Ce principe recouvre tout ce qui est de l’ordre de la vérification de la compréhension, de l’évaluation formative et de la rétroaction.

L’enseignant est susceptible de fournir en fonction des besoins identifiés chez ses élèves, des informations correctives ou des suggestions de tâches spécifiques pour que ils puissent les appliquer afin d'améliorer leur succès lors de la prochaine tâche.


5 : La pratique indépendante guidée 


L’enseignant fournit à ses élèves une tâche plus complexe qu’ils vont effectuer seuls. Celle-ci peut impliquer plus d’une voie de résolution possible.

Les conseils de l’enseignant sont minimes, mais toujours disponibles. Il peut par exemple rappeler aux élèves les étapes probables à suivre ou de fournir un indice lorsque des élèves sont bloqués.



Données probantes ? 


À l’heure actuelle, Andrew J. Martin a mené deux premières études sur l’enseignement de la réduction de la charge (LRI) en classe. Même s’il est trop tôt pour conclure de la validité générale et de l’efficacité du de l'approche, celles-ci paraissent prometteuses :

  • La première étude a porté sur 393 élèves du secondaire dans 40 classes de mathématiques. Il a été constaté que plus l’enseignant mettait en place un enseignement de réduction de la charge, plus les niveaux de motivation, d’engagement, de dynamisme et de réussite scolaire de ses élèves étaient élevés.
  • Dans une deuxième étude, des élèves de plus de 150 classes de sciences qui ont utilisé les cinq principes. Les analyses ont révélé que les élèves qui ont reçu un enseignement basé sur les principes de réduction de la charge avaient un niveau d’engagement plus élevé dans les sciences. Cela s’accompagnait d’un niveau de réussite plus élevé en sciences.



Conclusion


Si on observe les quatre premiers principes de l’enseignement de la réduction de la charge (LRI), ils s’appuient complètement sur un enseignement explicite traditionnel.

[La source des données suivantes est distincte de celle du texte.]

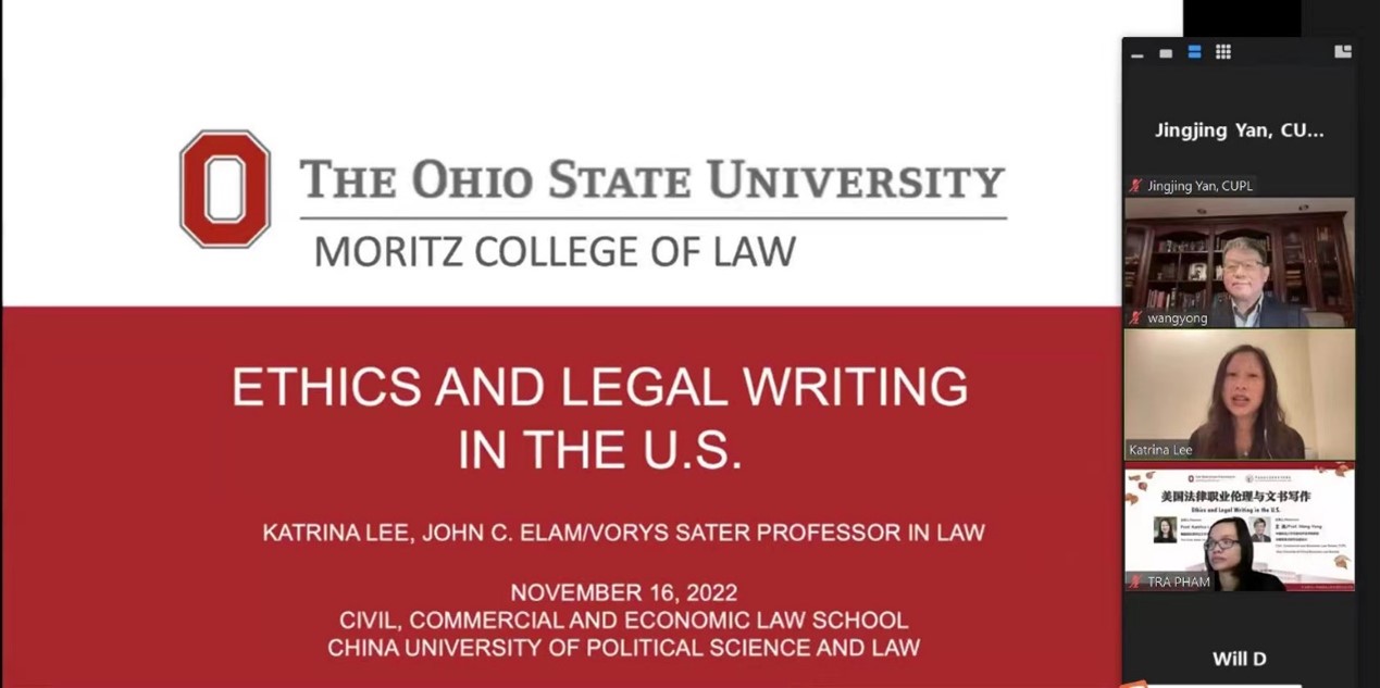邀请美国俄亥俄州立大学法学院Katrina Lee教授在线举办了题为“美国法律职业伦理与文书写作”精彩讲座。Katrina Lee教授现任美国俄亥俄州立大学法学院法学硕士法律写作项目主任、争议解决项目主任、美国法学院协会非诉讼争议解决分会执行委员会成员,是法律文书写作领域的知名学者。
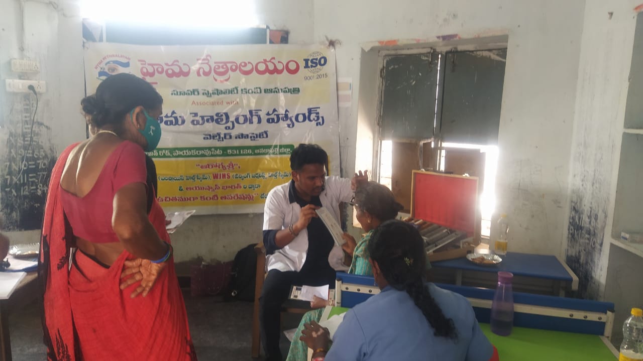 12-03-2024 న హైమ నేత్రాలయం సూపర్ స్పెషలిటీ కంటి ఆసుపత్రి వారి పర్యవేక్షణలో ఆంధ్రప్రదేశ్ పాయకరావుపేట, MASAHEBPETA గ్రామం లో EYE CAMP నిర్వహించడం జరిగింది
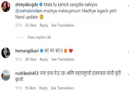 स्नेहलच्या या फोटोवर चाहतेच नाही तर कलाकारही संभ्रमात पडलेत. हे कधी झालं असा काहीसा प्रश्न सर्वांना पडला आहे. स्नेहलच्या पोस्टवर अभिनेत्री श्रेया बुगडेने कमेंट केली आहे. ती म्हणते, 'मला तू काहीच सांगितलं नाहीएस. माझ्या मेकअप रुममध्ये लगेच ये. अपडेट हवं आहे. तर हेमांगी कवीने 'बरं बरं बरं!' असं कॅप्शन लिहिलं आहे. याशिवाय एका चाहत्याने 'चला हवा येऊ द्या आणि महाराष्ट्राची हास्यजत्रा यांची युती झाली' असं भन्नाट कॅप्शन लिहिलं आहे.
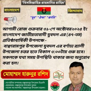 বাঞ্ছারামপুর উপজেলা যুবদলের উদ্যোগে অনুষ্ঠিত হতে যাচ্ছে

Ensuite, à mesure que les compétences et les connaissances de base se développent, le cinquième principe est mis en avant : la résolution des problèmes.

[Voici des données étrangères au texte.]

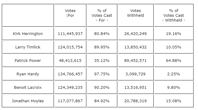 As a result, Kirk Herrington, Larry Timlick, Ryan Hardy, Ben Lacroix and Jonathan Hoyles were elected as directors of the corporation to serve until the close of the next annual meeting of shareholders of the corporation or until their successors are elected or appointed.
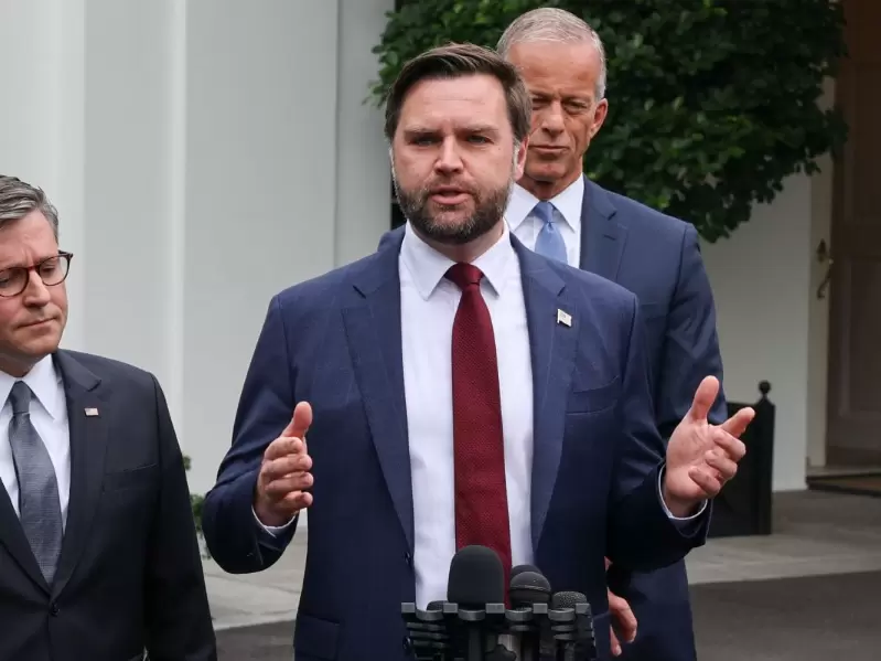 U.S. Vice President JD Vance speaks next to House Speaker Mike Johnson (R-LA) and Senate Majority Leader John Thune (R-SD) on the day U.S. President Donald Trump meets with top congressional leaders from both parties, just ahead of a September 30 deadline to fund the government and avoid a shutdown, at the White House in Washington, D.C., U.S., September 29, 2025. / REUTERS/Jonathan Ernst

En ce sens l’approche LRI permet de compléter une zone moins définie de la pédagogie explicite telle que définie par Barak Rosenhine.

Cette zone floue est peu perceptible au niveau de l’enseignement primaire. Elle commence à se faire sentir au fur et à mesure que l’on avance dans le secondaire. C’est particulièrement vrai dans les cours de mathématiques ou de sciences en fin de secondaire. Cela peut s’y traduire par un peu de résistance de la part de certains enseignants.

L’atout potentiel de l’approche LRI est de concilier l’approche éprouvée de l’enseignement explicite et la confrontation à la résolution de problème ou à la réalisation de tâches complexes.

Un enseignement explicite est d’abord utilisé pour alléger la charge de travail des élèves pendant qu’ils développent savoir, savoir-faire et compétences spécifiques. Ensuite, lorsqu’une certaine expertise s’est développée, les élèves passent à une découverte guidée afin d’entretenir leur capacité à résoudre les problèmes de manière à se confronter aux spécificités du domaine concerné.

Bibliographie


Andrew J. Martin, Kids learn best when you add a problem-solving boost to “back-to-basics” instruction, 2020, https://theconversation.com/kids-learn-best-when-you-add-a-problem-solving-boost-to-back-to-basics-instruction-129008

Andre J. Martin, Using load reduction instruction (LRI) to boost motivation and engagement. Leicester: British Psychological Society.